Exclude all pictures, then write out exactly the lines below from the first one through the line with "zmywarką i lodówką".

__SUPPLIED MATERIAL__
━━━━
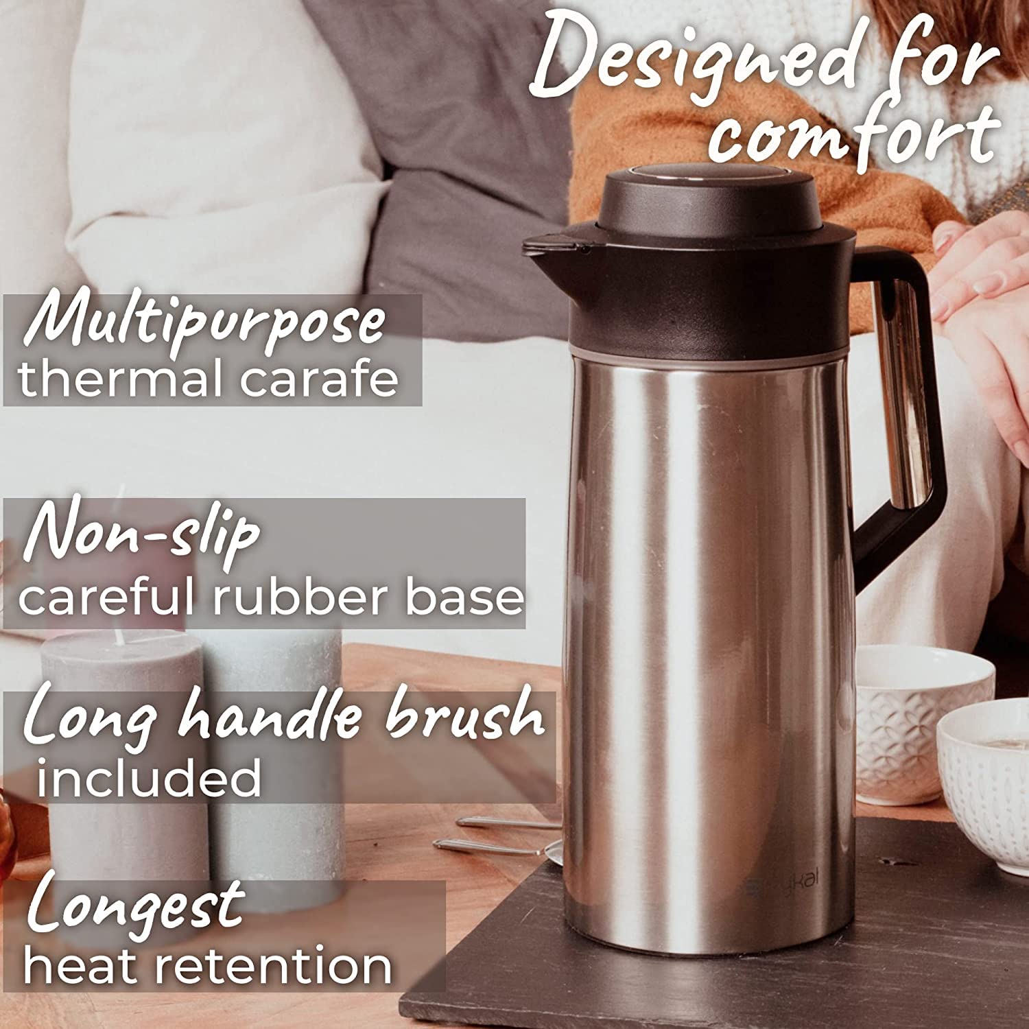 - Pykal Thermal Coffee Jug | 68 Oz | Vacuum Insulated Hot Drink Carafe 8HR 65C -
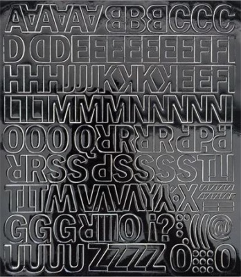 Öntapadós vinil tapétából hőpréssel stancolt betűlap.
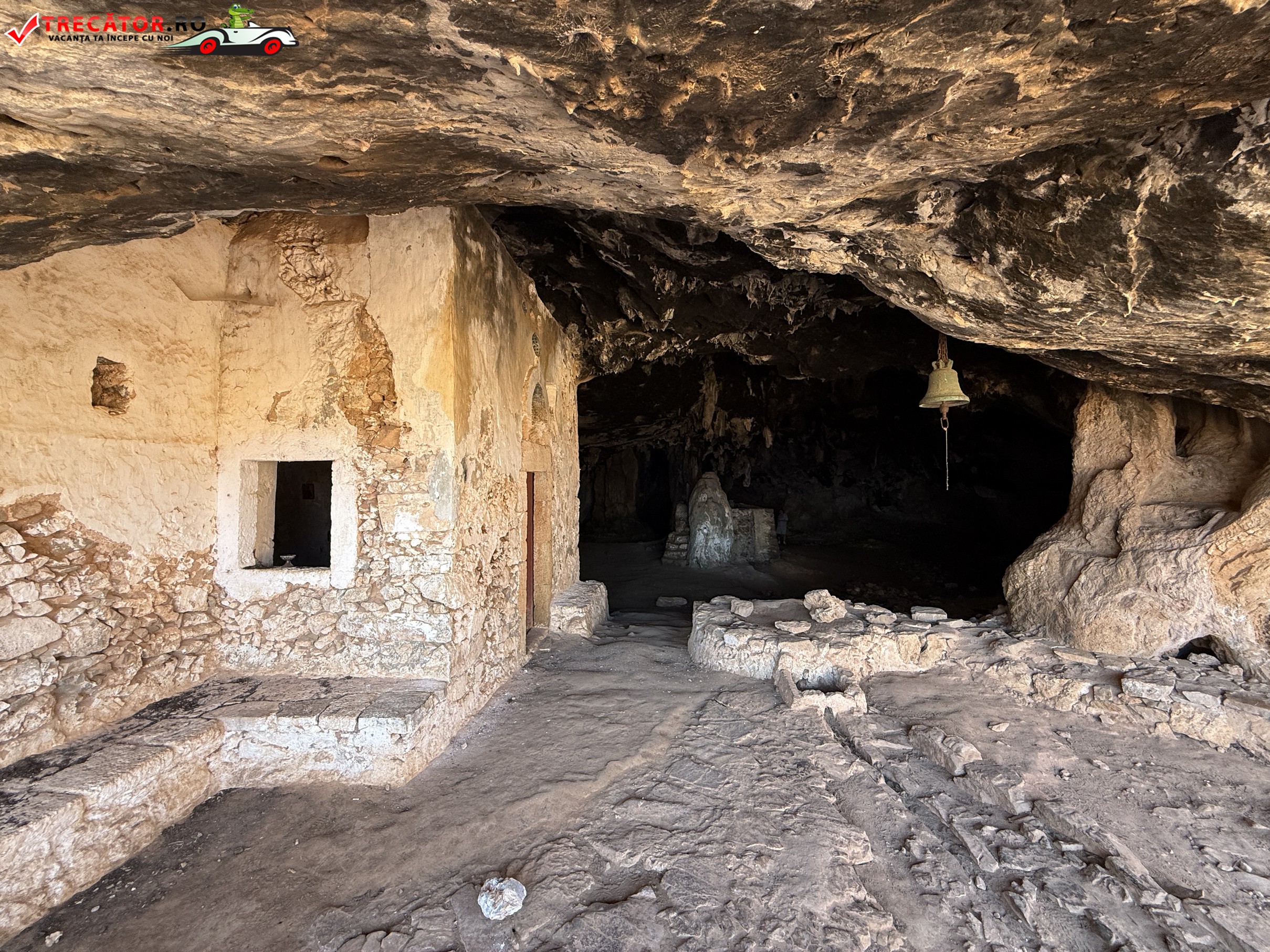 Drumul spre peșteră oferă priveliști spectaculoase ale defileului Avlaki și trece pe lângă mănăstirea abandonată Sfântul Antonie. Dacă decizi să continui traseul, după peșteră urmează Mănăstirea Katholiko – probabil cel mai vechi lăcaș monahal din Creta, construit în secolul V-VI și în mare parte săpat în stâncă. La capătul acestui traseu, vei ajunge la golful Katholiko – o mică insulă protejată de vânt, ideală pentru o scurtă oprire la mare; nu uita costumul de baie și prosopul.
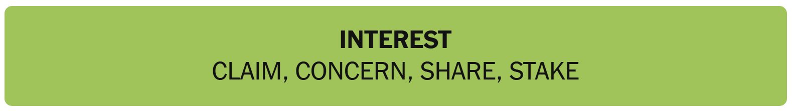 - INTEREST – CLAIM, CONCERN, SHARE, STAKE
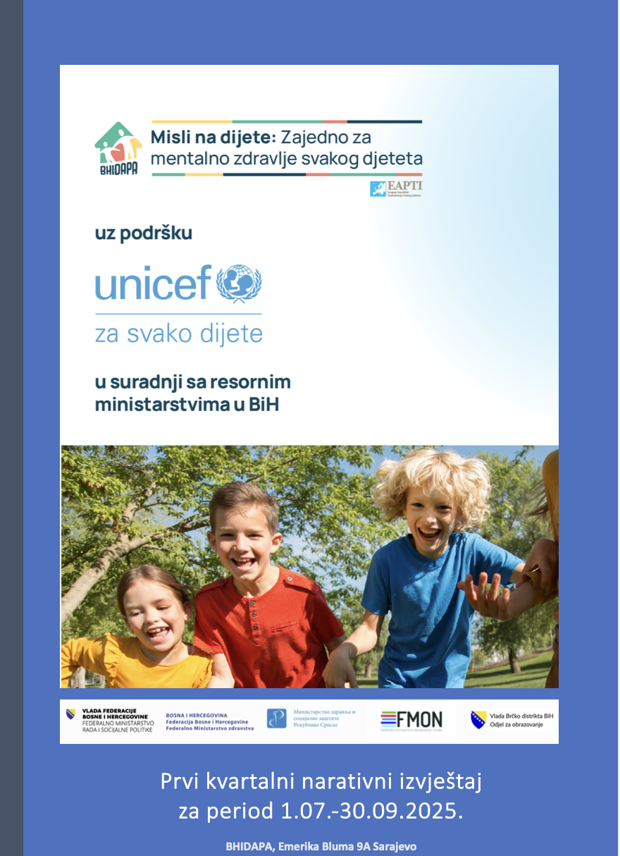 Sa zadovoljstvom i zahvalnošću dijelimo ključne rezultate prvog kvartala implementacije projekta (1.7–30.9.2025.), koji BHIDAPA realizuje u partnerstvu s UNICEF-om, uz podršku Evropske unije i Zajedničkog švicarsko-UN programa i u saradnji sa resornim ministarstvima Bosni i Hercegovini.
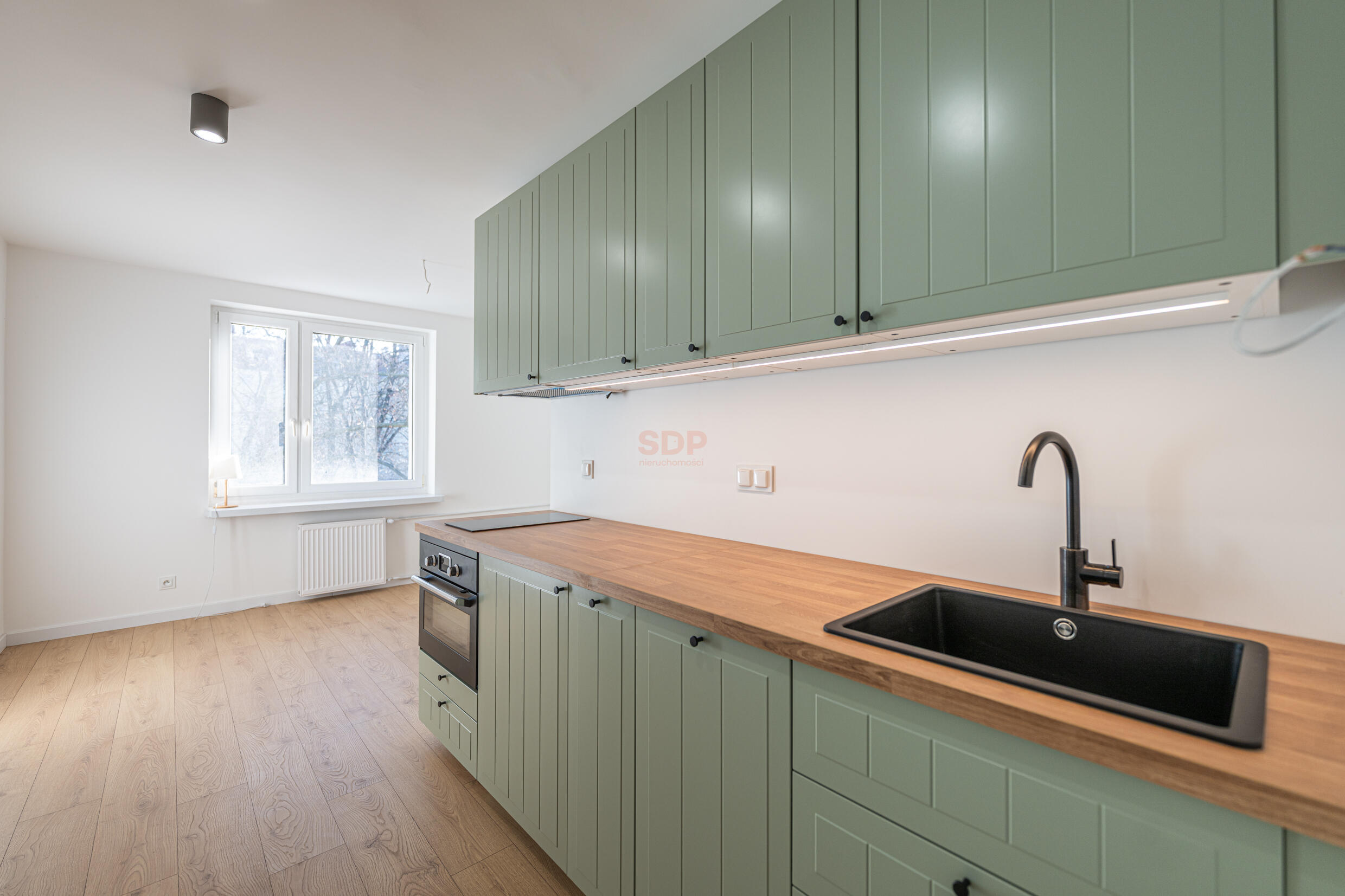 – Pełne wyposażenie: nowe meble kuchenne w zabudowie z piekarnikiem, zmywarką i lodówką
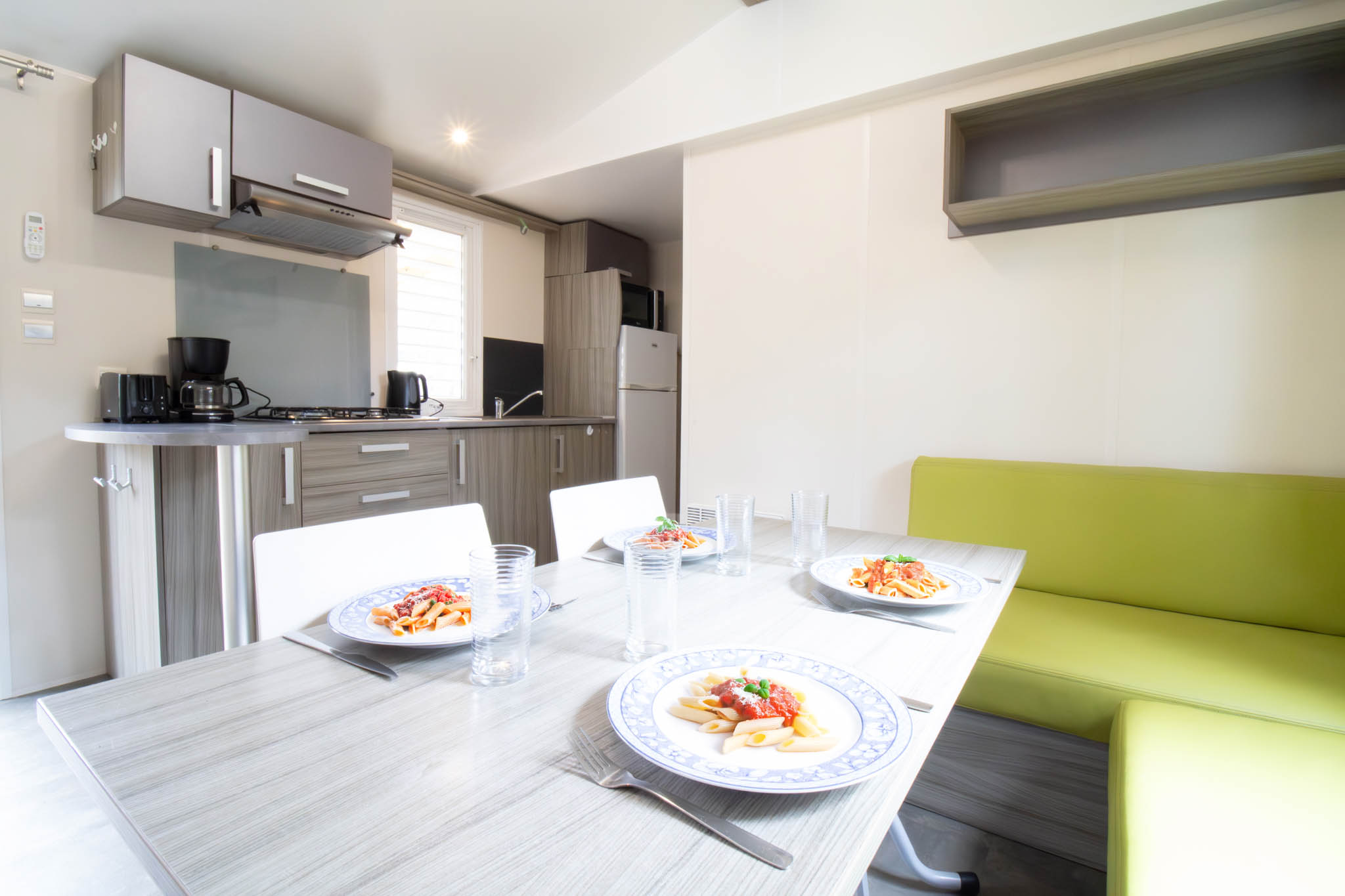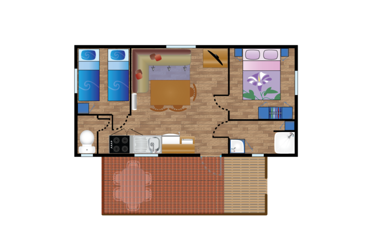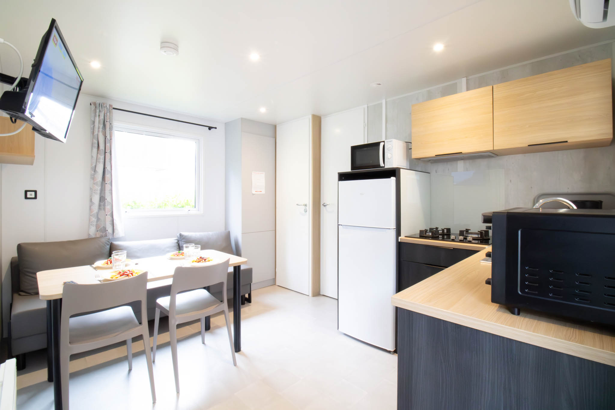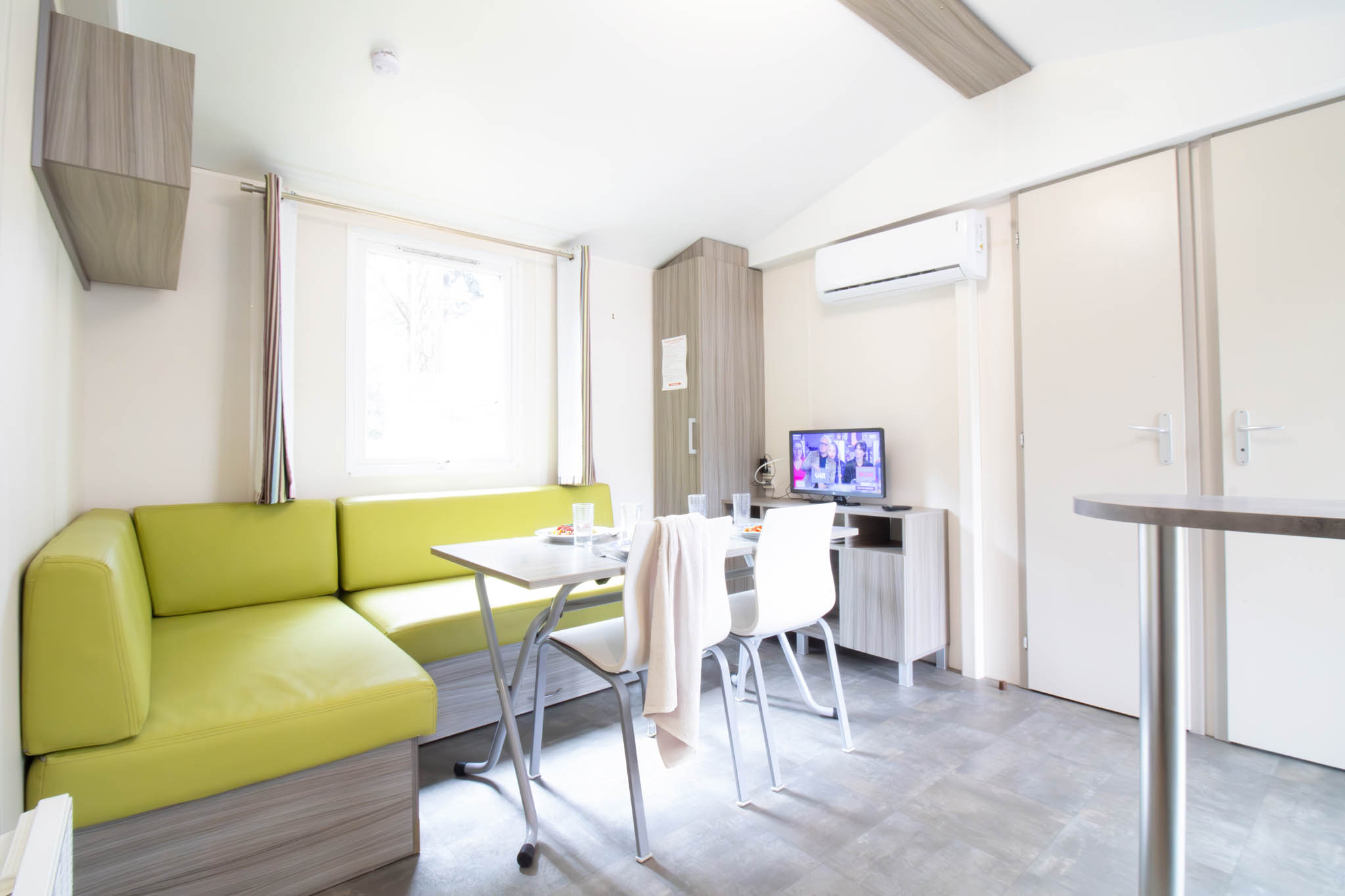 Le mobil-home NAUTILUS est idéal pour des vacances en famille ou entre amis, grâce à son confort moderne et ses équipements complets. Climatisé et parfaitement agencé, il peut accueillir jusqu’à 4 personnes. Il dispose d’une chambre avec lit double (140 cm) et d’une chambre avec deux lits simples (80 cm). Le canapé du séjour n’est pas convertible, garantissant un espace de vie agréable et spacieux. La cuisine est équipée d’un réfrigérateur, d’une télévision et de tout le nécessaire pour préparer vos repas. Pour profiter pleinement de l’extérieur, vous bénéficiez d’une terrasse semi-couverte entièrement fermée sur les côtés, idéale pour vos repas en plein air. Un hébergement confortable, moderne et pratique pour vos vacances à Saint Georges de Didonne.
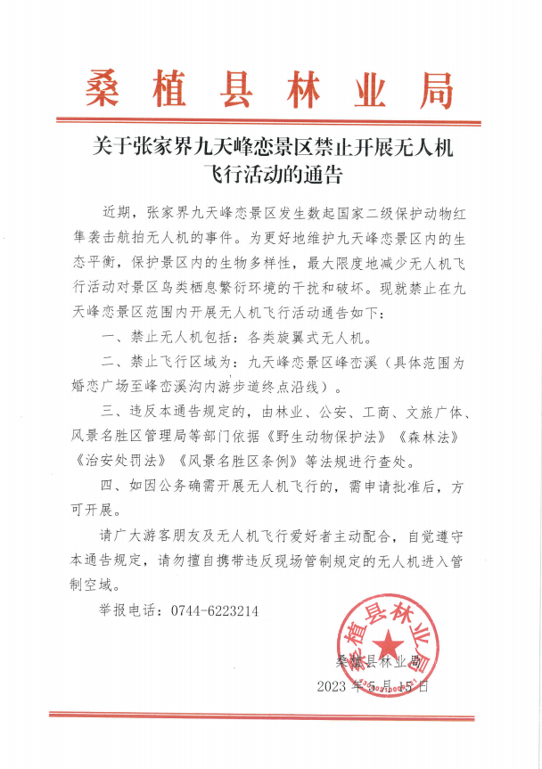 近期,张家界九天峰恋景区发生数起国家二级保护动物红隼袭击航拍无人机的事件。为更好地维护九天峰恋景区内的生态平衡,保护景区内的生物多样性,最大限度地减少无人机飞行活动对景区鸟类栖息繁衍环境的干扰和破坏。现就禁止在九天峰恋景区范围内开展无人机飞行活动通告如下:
━━━━
__RESULT OF THIS EXERCISE__
 - Pykal Thermal Coffee Jug | 68 Oz | Vacuum Insulated Hot Drink Carafe 8HR 65C -
 Öntapadós vinil tapétából hőpréssel stancolt betűlap.
 Drumul spre peșteră oferă priveliști spectaculoase ale defileului Avlaki și trece pe lângă mănăstirea abandonată Sfântul Antonie. Dacă decizi să continui traseul, după peșteră urmează Mănăstirea Katholiko – probabil cel mai vechi lăcaș monahal din Creta, construit în secolul V-VI și în mare parte săpat în stâncă. La capătul acestui traseu, vei ajunge la golful Katholiko – o mică insulă protejată de vânt, ideală pentru o scurtă oprire la mare; nu uita costumul de baie și prosopul.
 - INTEREST – CLAIM, CONCERN, SHARE, STAKE
 Sa zadovoljstvom i zahvalnošću dijelimo ključne rezultate prvog kvartala implementacije projekta (1.7–30.9.2025.), koji BHIDAPA realizuje u partnerstvu s UNICEF-om, uz podršku Evropske unije i Zajedničkog švicarsko-UN programa i u saradnji sa resornim ministarstvima Bosni i Hercegovini.
 – Pełne wyposażenie: nowe meble kuchenne w zabudowie z piekarnikiem, zmywarką i lodówką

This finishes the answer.